• PROBLEM TO WORK ON:
For this exercise, an exact copy is needed of only the lines from the one containing "150 krHopfällbart campingbord" through the end of the data, with pictures left out.

• DATASET CONTENT:

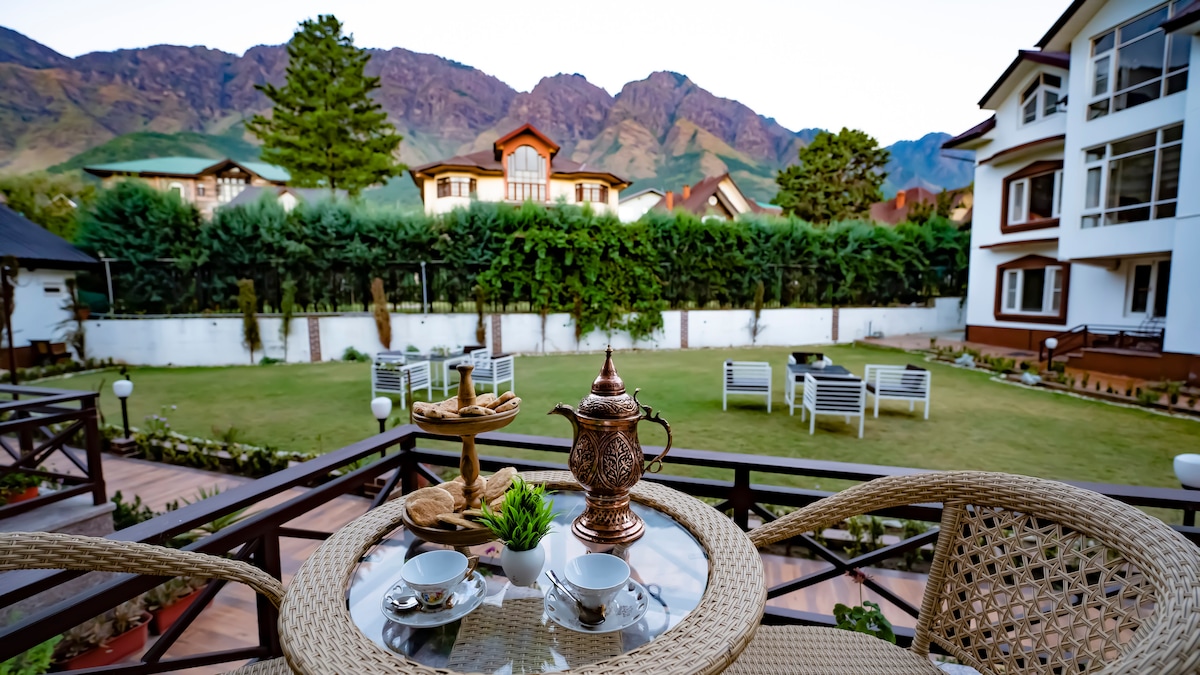A reminiscent of an old English mansion. It is a delightful blend of British colonial architecture with kashmiri interiors. It is located in Rajbagh an area within the city centre but simultaneously in quite neighborhood environs and strategic location with eateries and restaurants at walking distance. The premises has a well maintained orchard and lawn for a quality family time. There is adequate staff including cook to take care of meals and housekeeping. Free breakfast is included.
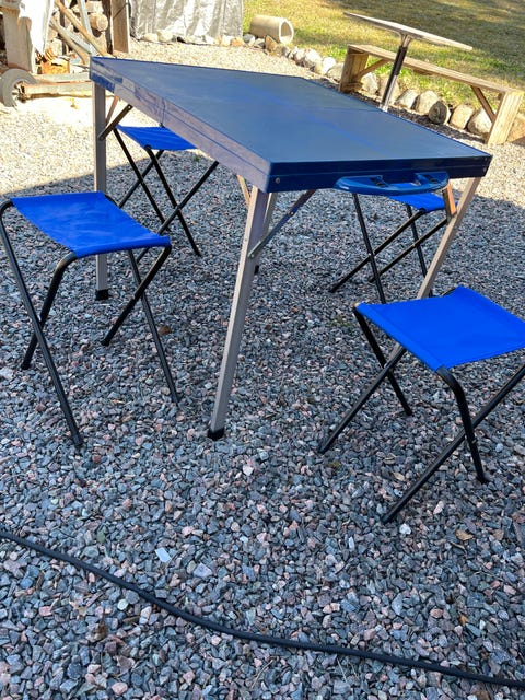150 krHopfällbart campingbord med 4 blå pallarTrosa, Södermanland3 dagarLägg till i favoriter.Öppna annons
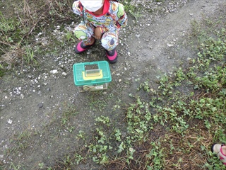 【左】川の増水を見て帰るつもりが、この水たまりでたくさん遊んだ。右手の土手が阿久比川の堤防。左手は田んぼ
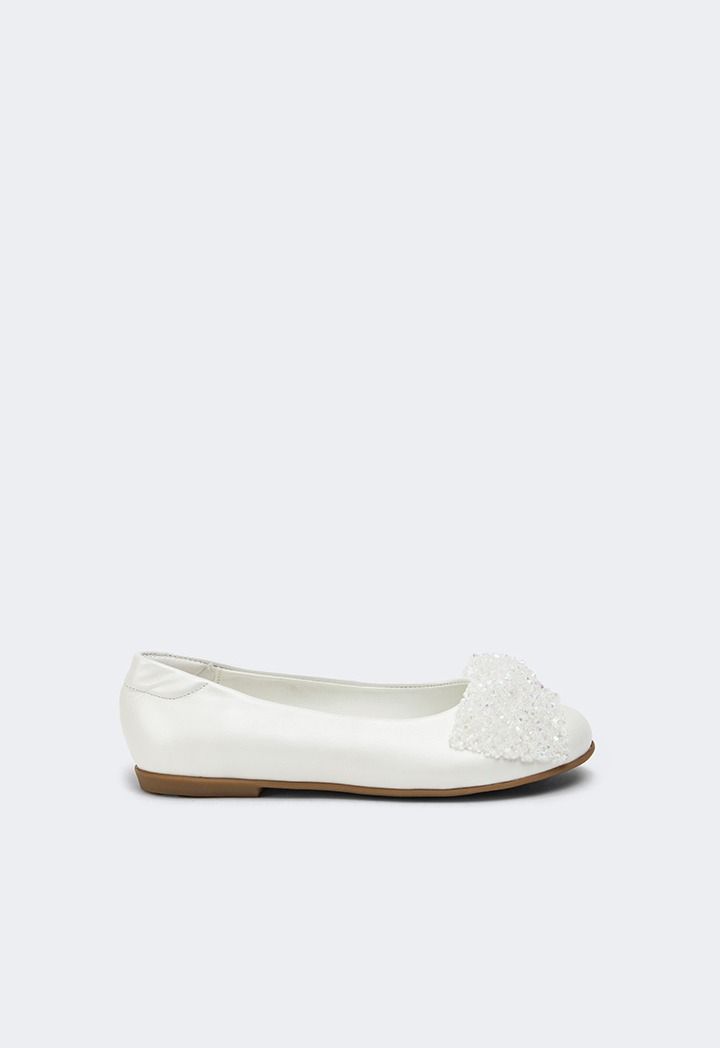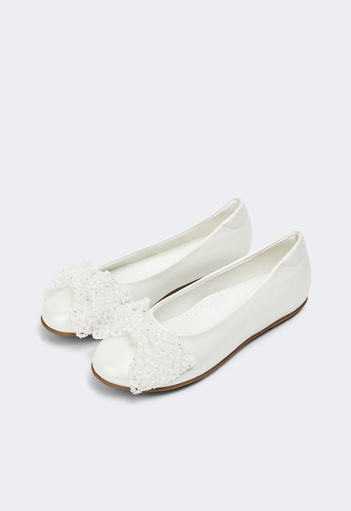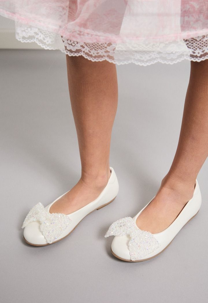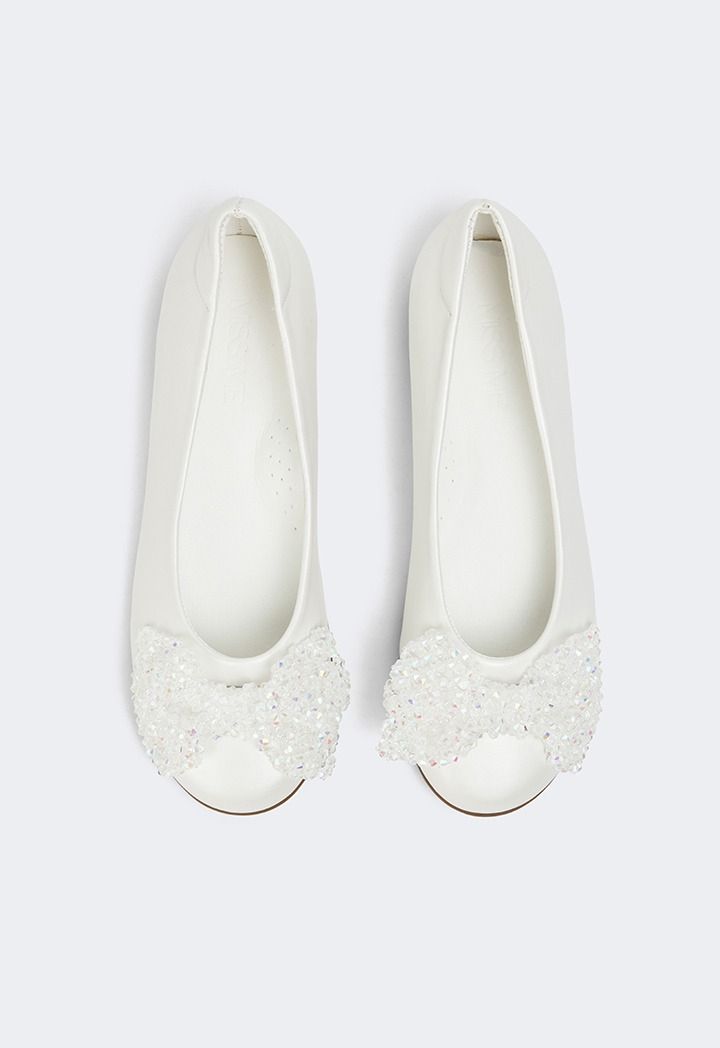 Multiply your daughters collection of shoes with this pair of crystal beaded bow embellished flat ballerinas.

• ANSWER TO THIS PROBLEM:
150 krHopfällbart campingbord med 4 blå pallarTrosa, Södermanland3 dagarLägg till i favoriter.Öppna annons
 【左】川の増水を見て帰るつもりが、この水たまりでたくさん遊んだ。右手の土手が阿久比川の堤防。左手は田んぼ
 Multiply your daughters collection of shoes with this pair of crystal beaded bow embellished flat ballerinas.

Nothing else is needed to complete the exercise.